*EXERCISE:*
Exact retyping of the data: please keep every word and drop each picture.

*PROVIDED MATERIAL:*
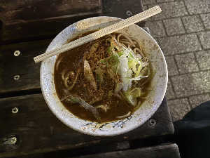 椎名町駅の南天で肉そば。夜風を受けながら立ち食い。あっさりしたつゆ、食べ応えのある肉はサ後に最高!
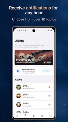 Rimani connesso spiritualmente ogni ora con Ora Biblica: Avvisi Versetti. Ricevi un nuovo versetto biblico ogni ora per ispirazione, forza o pace. Personalizza gli avvisi per concentrarti sui temi che ti servono, mantenendoti radicato nella Parola di Dio durante la giornata.
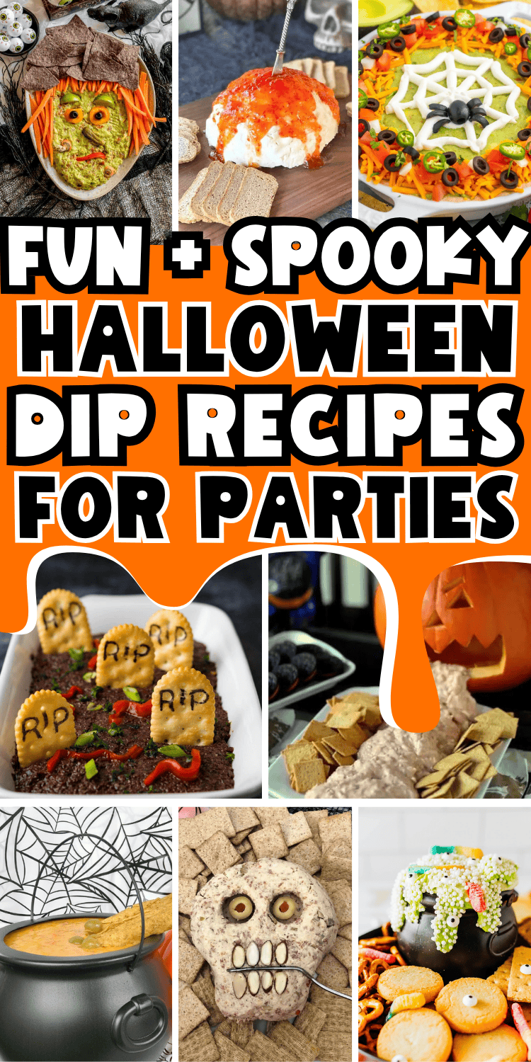 Easy Halloween dips for parties! Fun Halloween themed party dips including savory dip recipes and sweet dessert dips for both kids and adults.

*WRITTEN ANSWER:*
 椎名町駅の南天で肉そば。夜風を受けながら立ち食い。あっさりしたつゆ、食べ応えのある肉はサ後に最高!
 Rimani connesso spiritualmente ogni ora con Ora Biblica: Avvisi Versetti. Ricevi un nuovo versetto biblico ogni ora per ispirazione, forza o pace. Personalizza gli avvisi per concentrarti sui temi che ti servono, mantenendoti radicato nella Parola di Dio durante la giornata.
 Easy Halloween dips for parties! Fun Halloween themed party dips including savory dip recipes and sweet dessert dips for both kids and adults.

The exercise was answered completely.